Bibliographic record
Abstract
Abstract This study investigates the controlled dissolution and ion release kinetics of multicomponent borate glasses within the borate anomaly, focusing on therapeutic ions such as calcium, zinc, and fluorine, which are critical in applications ranging from cancer therapy to bone regeneration and oral health. A Design of Mixtures (DoM) statistical modeling approach was employed to systematically evaluate the effects of glass composition on dissolution, ion release, and cytotoxicity. By synthesizing 23 glass formulations, the study demonstrates how statistical modeling enables precise prediction and control of material properties, revealing key interactions between components that are difficult to identify using traditional methods. Notably, higher ZnO content stabilized the glass network, reducing dissolution and ion release rates. The approach also uncovered complex synergies between zinc, titanium, and calcium, emphasizing the value of a multifactorial approach in optimizing glass performance.

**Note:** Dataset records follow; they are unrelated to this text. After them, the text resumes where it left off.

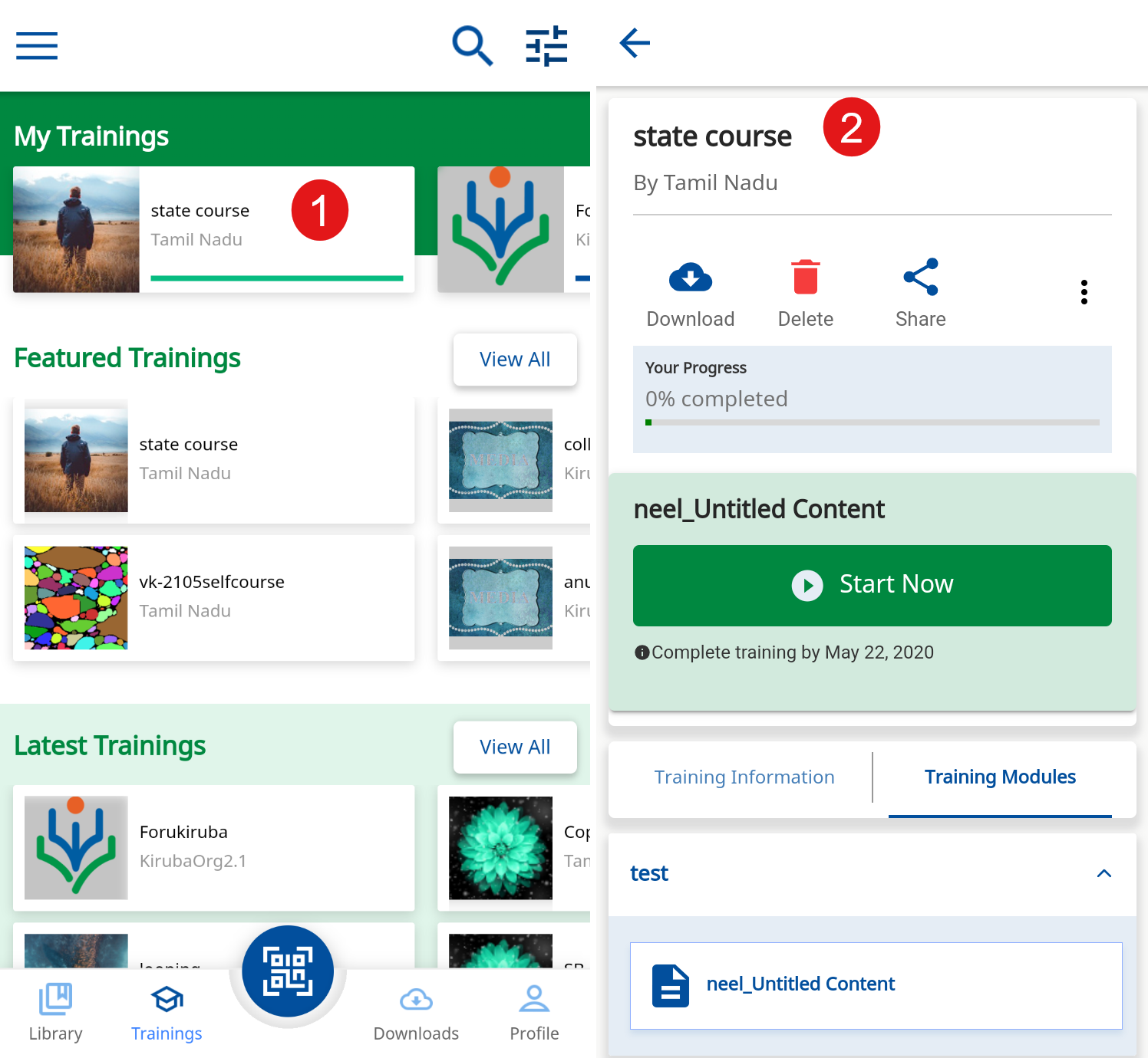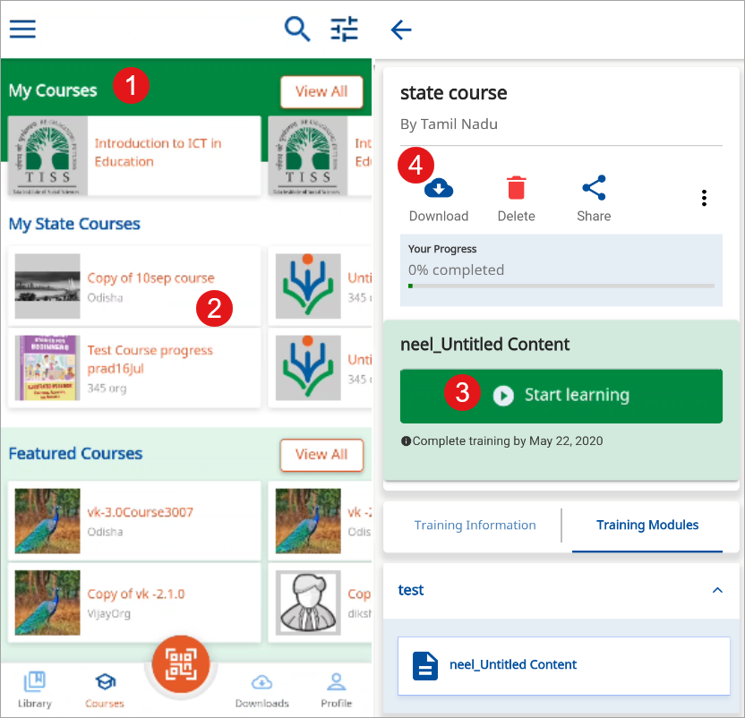 2. Tap the course to open 3. Tap Start Learning to start your course 4. Tap Download icon to download the course Note: You can view all downloaded content offline | ![]() |
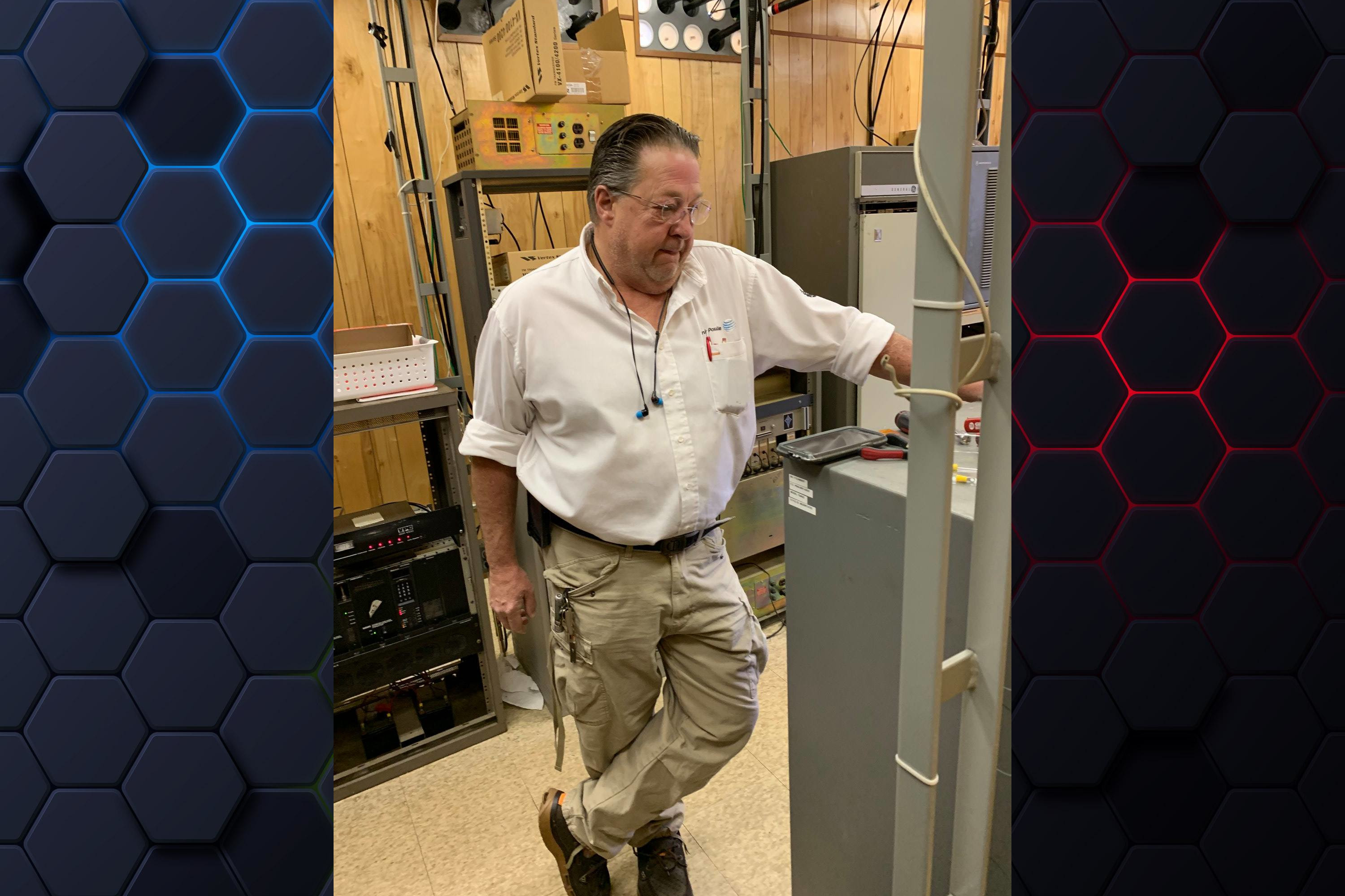 Working on the equipment.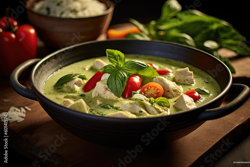 thai, food, cookery, spicey, coconut, vegetable, chicken, shrimp, tofu, aromatic, delicious, favor, authentic, traditional, tasty, hot, exotic, generative, ai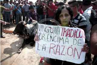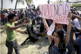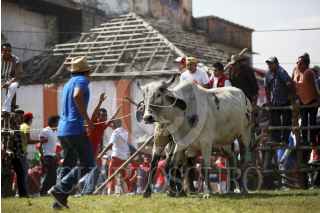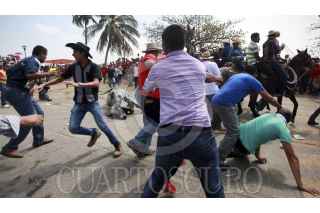 TLACOTALPAN, VERACRUZ, 01FEBRERO2015.- Este domingo se llevó a cabo el tradicional Embalse de Toros 2015, durante las fiestas de la Candelaria, dicho evento se realizó entre golpes y agresiones a los semovientes. Así mismo se registraron diversos asistentes heridos. Durante el acto un grupo de activistas protestó contra el maltrato animal y pidió la cancelación de la fiesta. FOTO: FÉLIX MÁRQUEZ / CUARTOSCURO.COM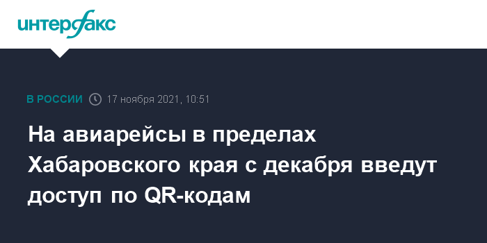 Москва. 17 ноября. INTERFAX.RU - В Хабаровском крае с 1 декабря летать в пределах региона можно будет только пассажирам с QR-кодами о вакцинации или перенесенном COVID-19, сообщила пресс-служба правительства региона.
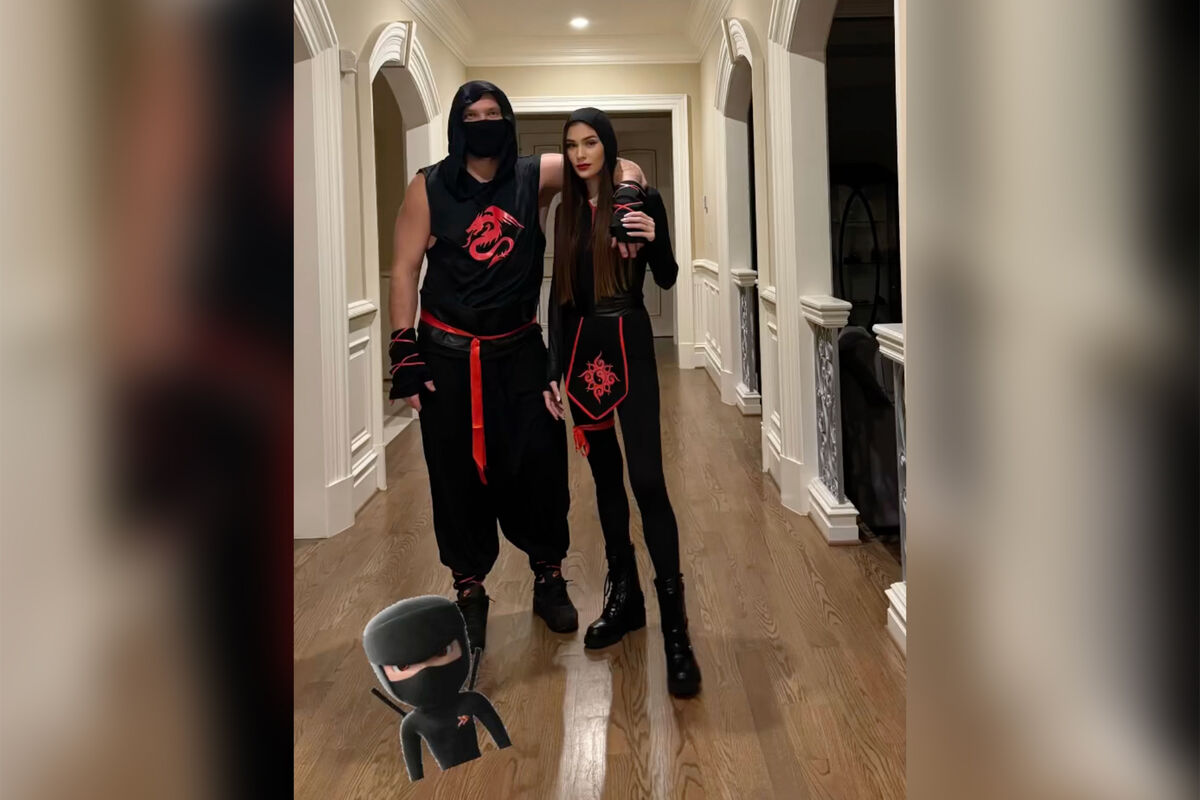 На снимке Овечкин с супругой одеты в костюмы ниндзя.

While higher ZnO concentrations (i.e., 16–20 mol%) correlated with increased cytotoxicity in human umbilical vein endothelial cells (HUVECs), several formulations exhibited no cytotoxic effects at a concentration of 0.2 g/mL, highlighting the need for careful compositional tuning. This research demonstrates how integrating experimental and computational methods can permit the design of glasses with tailored dissolution and ion release kinetics, enabling more effective, customizable, and personalized medical treatments.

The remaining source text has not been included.